Personal information
- Full name: Fonua Pole
- Born: 2 June 2002 (age 24) Wellington, New Zealand
- Height: 184 cm (6 ft 0 in)
- Weight: 110 kg (17 st 5 lb)

Playing information
- Position: Prop, Lock
Club
| Years | Team | Pld | T | G | FG | P |
| 2022– | Wests Tigers | 101 | 10 | 0 | 0 | 40 |
- Source: As of 6 September 2026

= Fonua Pole =

NZ Rugby league footballer

Fonua Pole (born 2 June 2002) is a New Zealand professional rugby league footballer who plays as a or forward for the Wests Tigers in the National Rugby League (NRL).

==Background==
Pole was born in Wellington, New Zealand, and raised in Victoria. He was educated at Mount Ridley College, Craigieburn playing Australian rules football in his youth before his mum encouraged him to play his junior rugby league for Craigieburn Phoenix and Sunbury Tigers. He said, "It started to become a bit of an issue because mum didn’t like that in AFL most of the games and trainings were on Sundays, when she always wanted us to go to church."
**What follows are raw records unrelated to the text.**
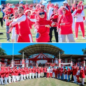 BARRU,SUARABANGSAINDONESIA—Plt. Ketua TP PKK Kabupaten Barru drg.Hj.Ulfah Nurul Huda Suardi, MARS mengikuti Senam Massal Merah Putih Tingkat Kecamatan Tanete Rilau di Lapangan Sepak Bola Andi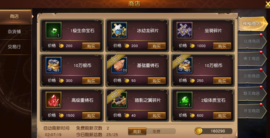 銀幣:銀幣作為游戲內(nèi)功能消耗性道具,銀幣的獲取途徑也幾乎涵蓋了游戲內(nèi)的各大玩法。主線關(guān)卡、世界塔、哥布林副本、競技場、團(tuán)隊(duì)副本、遺跡副本,都能獲得銀幣。在雜貨鋪除此之外,在每日的在線活動(dòng),簽到以及活躍度獎(jiǎng)勵(lì)中也能獲取少量銀幣。
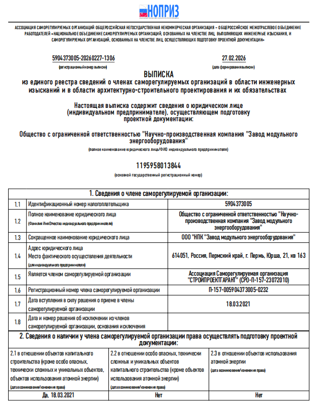 Выписка СРО НОПРИЗ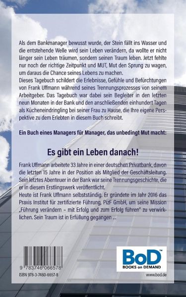 Als dem Bankmanager bewusst wurde, der Stein fällt ins Wasser und die entstehende Welle wird sein Leben verändern, da wollte er nicht länger sein Leben träumen, sondern seinen Traum leben. Jetzt fehlte nur noch der richtige Zeitpunkt und MUT, Mut den Sprung zu wagen, um daraus die Chance seines Lebens zu machen. Dieses Tagebuch schildert die Erlebnisse, Gefühle und Befürchtungen von Frank Uffmann während seines Trennungsprozesses von seinem Arbeitgeber. Das Tagebuch war dabei sein Begleiter in den letzten neun Monaten in der Bank und den anschließenden einhundert Tagen als Kücheneindringling bei seiner Frau zu Hause, die Ihre eigene Perspektive zu dem Erlebten in diesem Buch schreibt. Ein Buch eines Managers für Manager, das unbedingt Mut macht: Es gibt ein Leben danach!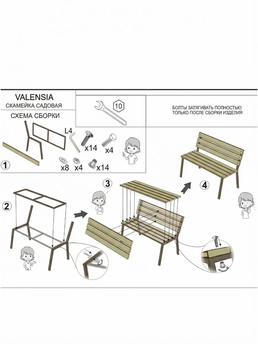 Поставляется скамейка садовая металлическая в разобранном виде в 1 упаковке, комплект крепежа входит. Легкая и быстрая сборка.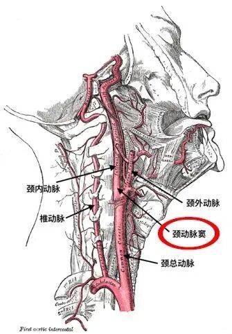 颈部两侧肌肉粉饰下的颈总动脉,在上行经过中会分叉为颈内动脉和颈外动脉,分辨为颅内和颅外供血。颈内动脉的肇始处有一扩张部分,被称为“颈动脉窦”,内部存在着压力感受器,不错感知血压升高时对血管壁的刺激,进而将信号传入大脑,促使内脏血管扩张、心率降速,并使血压缩小。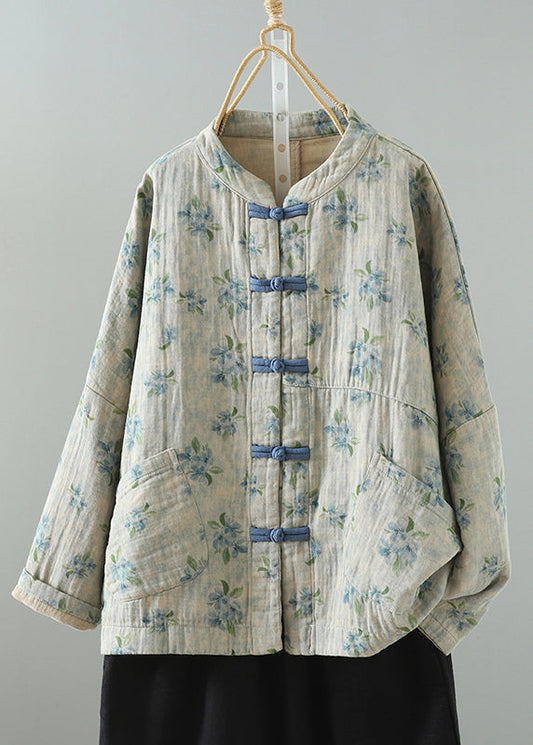 Jacquard Hellblau Stehkragen Knopf Baumwollmäntel Herbst QO005
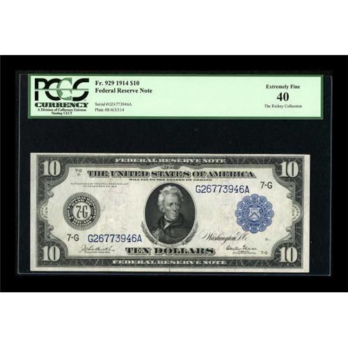 <B>Fr. 929 $10 1914 Federal Reserve Note PCGS Extremely Fine 40.</B></I> A most pleasing example which carries the Burke/Glass signature combination.<BR><BR><b>Shipping:</b> Coins & Currency (<a target="_blank" href="http://www.heritageauctions.com/common/shipping.php">view shipping information</a>)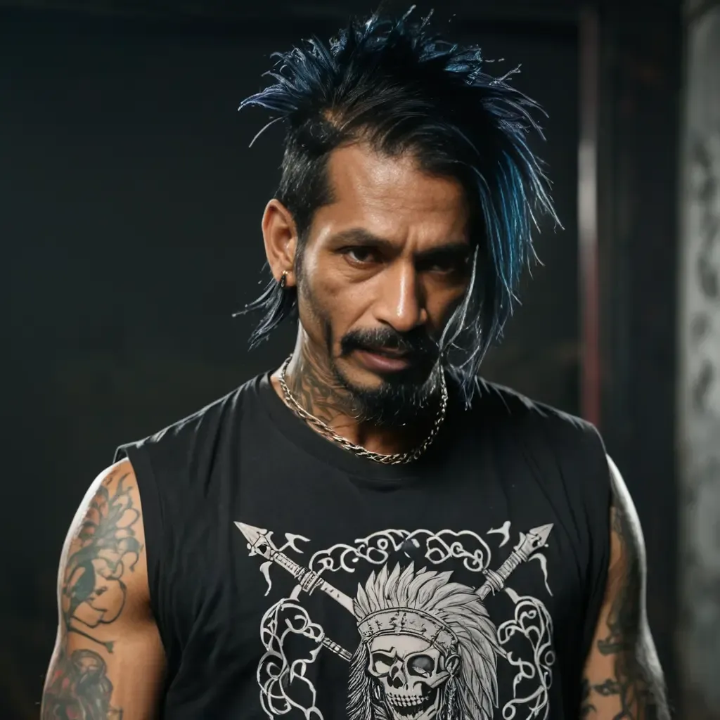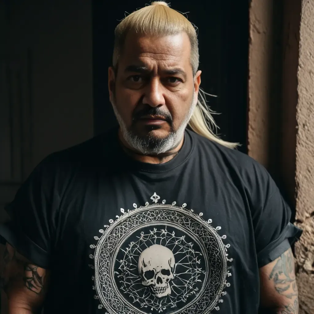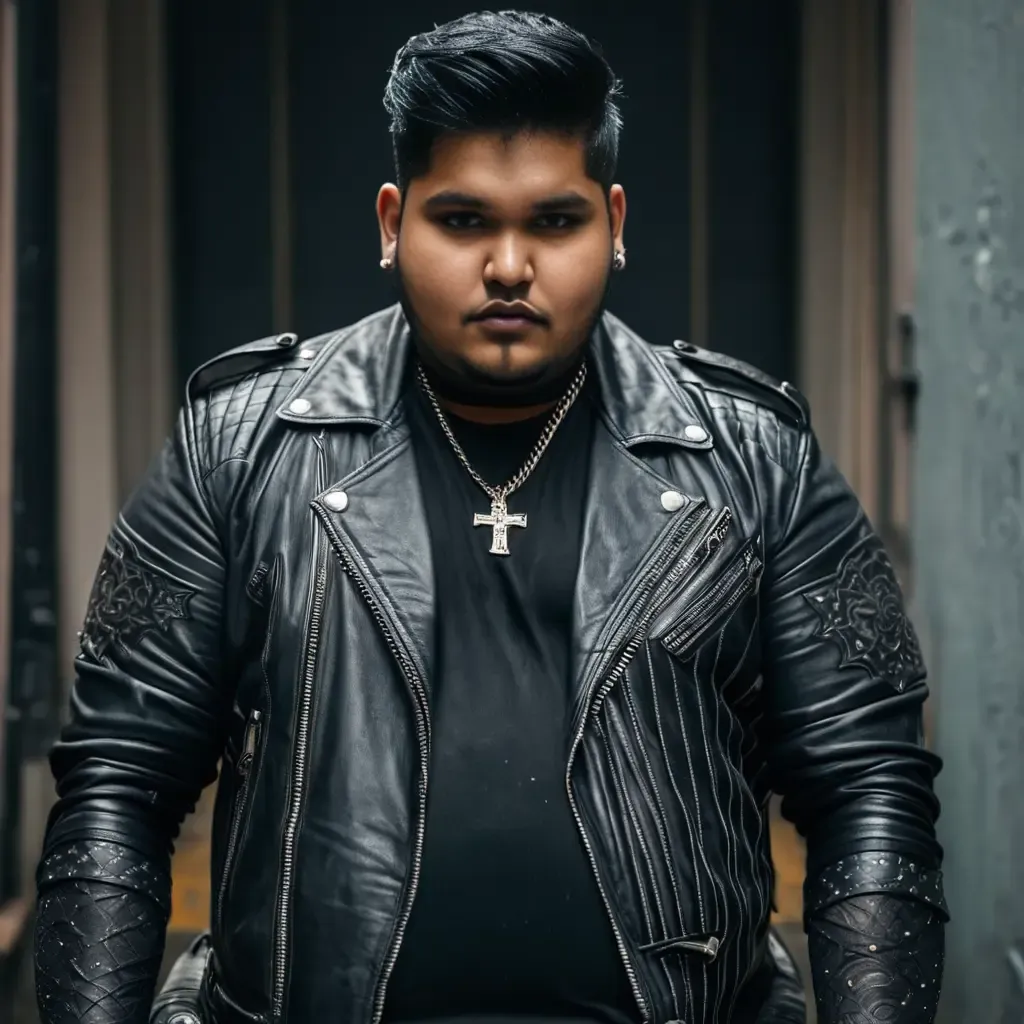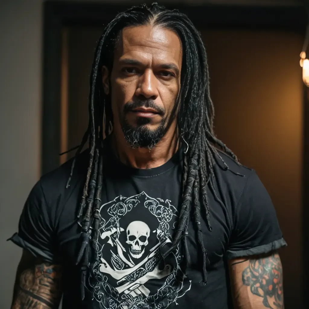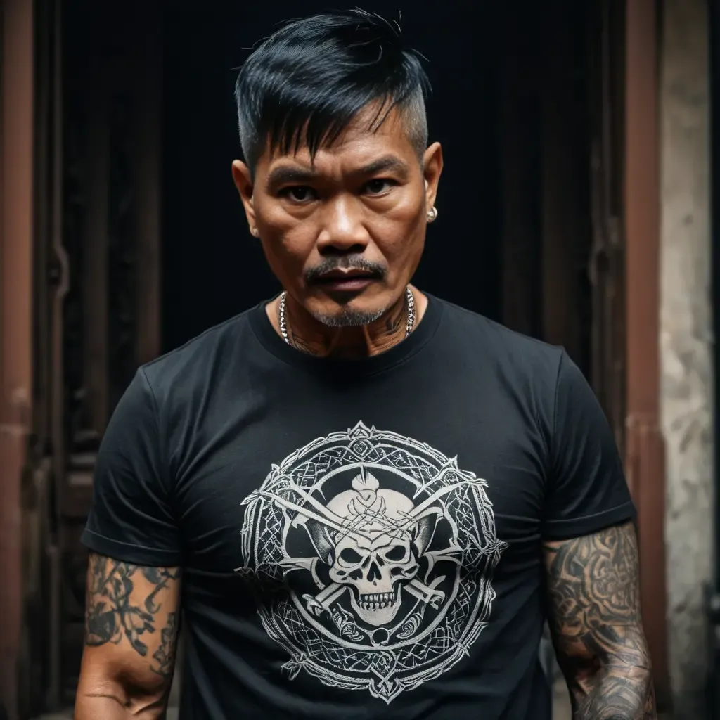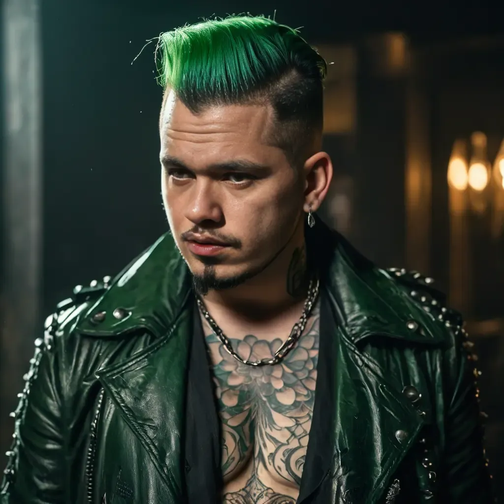 He is just wearing an old {biker jacket|t-shirt|open leather coat}.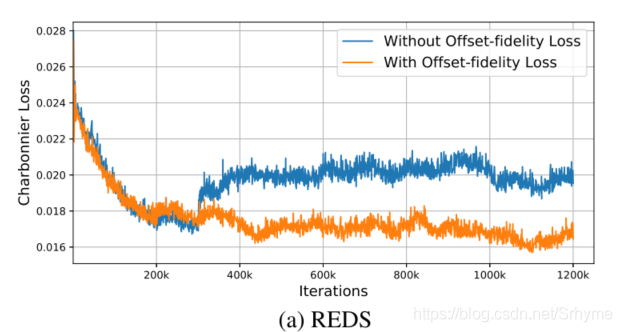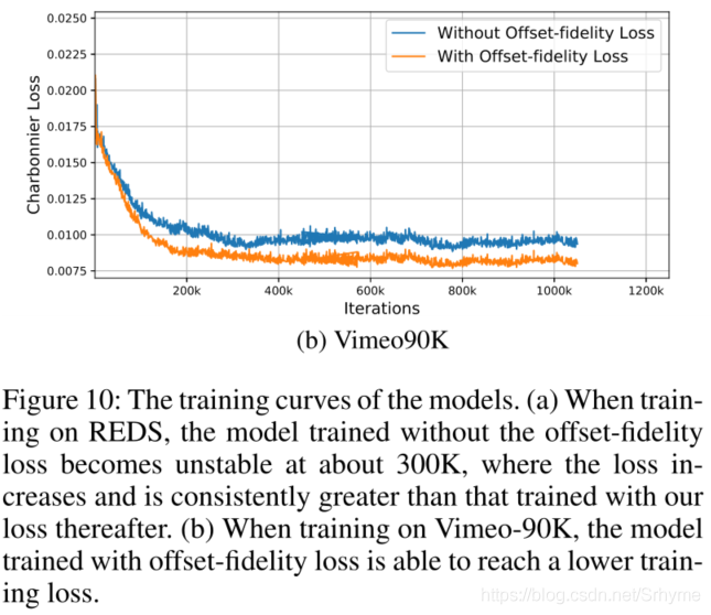 其中,L为训练损失。λ和t是控制偏移多样性的超参数。变形对齐的训练是不稳定的。不稳定的训练过程会导致偏移量的溢出。为了避免偏移溢出,本文提出了偏移精度损失来约束学习的偏移量,使其不会偏离光流太多。另外,由于偏移多样性在视频SR中的重要性,我们允许网络学习最佳偏移量,只要它们与光流的差不超过某个阈值。在EDVR上进行了实验,额外的改善高达1.73dB。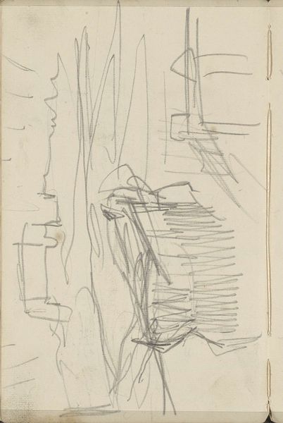 Editor: This is George Hendrik Breitner's "Gezicht op een gracht te Amsterdam," created between 1886 and 1923. It's a pencil drawing on paper, and its rapidly drawn lines create a wonderful sense of immediacy. What do you see in this piece, beyond the obvious subject matter? Curator: Focusing solely on its formal qualities, the drawing presents a compelling study in line and form. The verticality of the slender architectural forms is counterposed by a strong horizontal, bisecting the composition and creating an inherent tension. Editor: Tension? I wouldn’t have used that word… Curator: Indeed. The very lack of detail contributes to this feeling. Observe how the varying weight of the pencil lines defines space. The denser, more frantic scribbles on the right imply a sense of contained energy, while the sparser marks suggest recession. Notice the blank areas: How do these "negative spaces" play a role in creating an atmospheric perspective, an absence? Editor: So, you're saying the sketchiness is a deliberate artistic choice, and not just an unfinished work? Curator: Precisely. The essence of the image lies in its suggestion rather than its explicit depiction, inviting us to project our own interpretations onto it. The semiotics of line quality serve as the main signifier. What meaning can we extract? Is there inherent value in deconstructing these? Editor: I never really thought about a sketch in terms of… signs and tensions. This approach gives a whole new level of appreciation. Curator: Indeed, recognizing the aesthetic potential and underlying principles allows us to grasp an artist's vision more clearly, and to realize that a sketch stands on its own formal merit.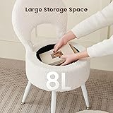 Luxurious Design: Elevate your bedroom decor with this stylish and versatile round ottoman that doubles as a comfy chair for your vanity. The plush velvet finish adds a touch of elegance to any room Smart Storage Solution: Say goodbye to clutter with the convenient storage compartment that is wonderful for keeping your beauty essentials within reach. Keep your space organized and chic Adjustable Comfort: The adjustable folding backrest allows you to customize your seating experience for maximum comfort. Enjoy the cozy sherpa upholstery while you prepare for your day Sturdy Construction: Built to last, this vanity stool chair features a sturdy frame that can support your weight with ease. Rest assured knowing you have a reliable piece of furniture by your side Versatile Functionality: Whether you use it as a vanity stool, a footstool with storage, or simply a statement piece in your room, the ZYKZYK vanity stool is sure to impress with its cute design and practical features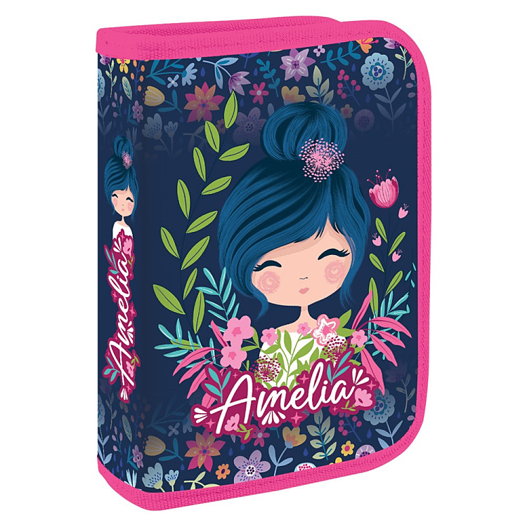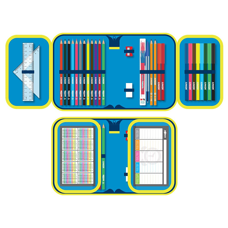 Plný peračník s 1 zipsom a 2 chlopňami, vnútorná podšívka: farebná. Obsahuje 31 dielov: 14 fixiek, 8 šesťhranných farbičiek, 2 šesťhranné ceruzky, strúhadlo, gumu, 16 cm pravítko, trojuholník, guľôčkové pero, rozvrh hodín a vizitku.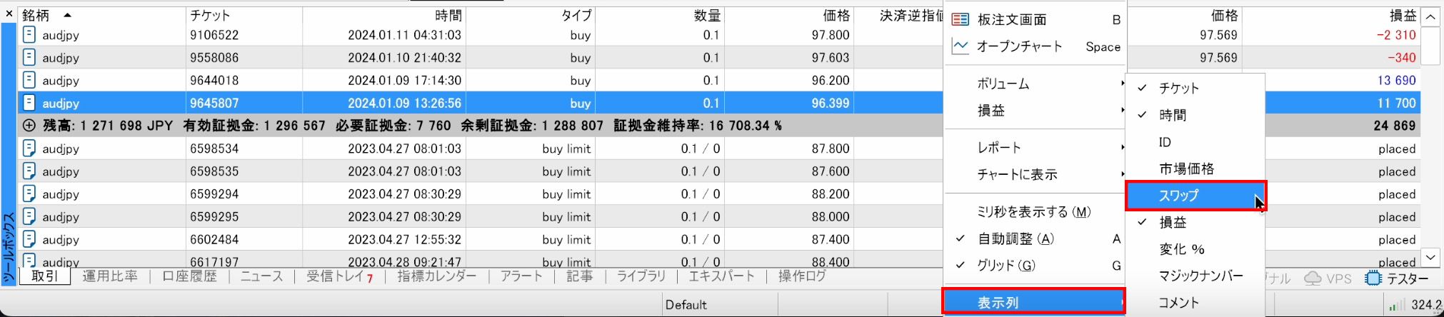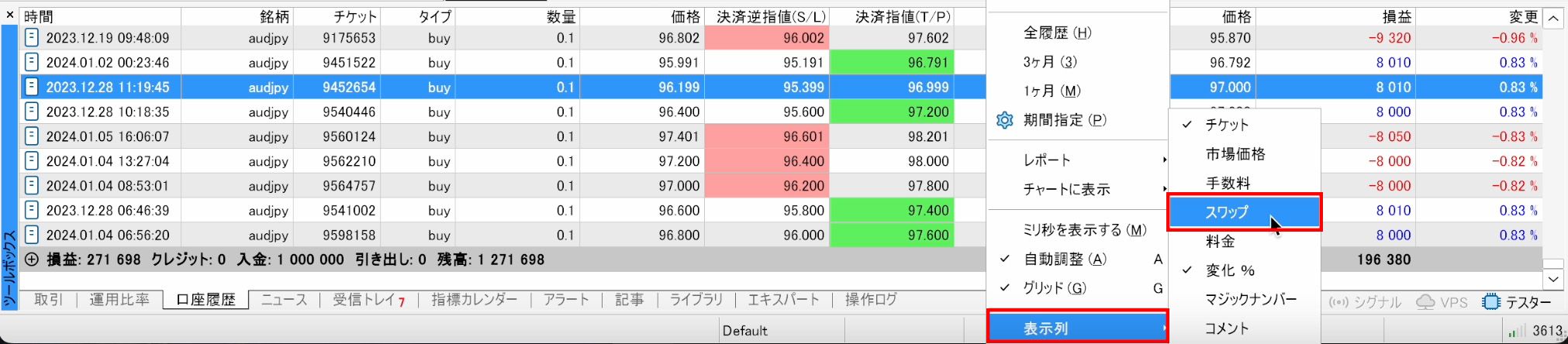 As with the Trade tab, if the "Swap" column is not visible, right-click within the "Account History" tab and select "Swap" from the "Columns" menu to display it.

Graduating through the Victorian Thunderbolts system, he was spotted by Wests Tigers playing for a Combined Affiliated States side at the Australian Schoolboys Championships.

==Career==
===2022===
Pole made his first grade debut for the Wests Tigers against the New Zealand Warriors in round 16, becoming Wests Tigers player no. 257. It was the Warriors' first home game in nearly 2 years due to the COVID-19 pandemic, in front of a sold-out crowd. Pole said, "“It was 100 percent Warriors crowd just screaming at us, I think I got slandered on the sideline a bit and someone was yelling at me that they felt sorry for me and didn’t want me to go on."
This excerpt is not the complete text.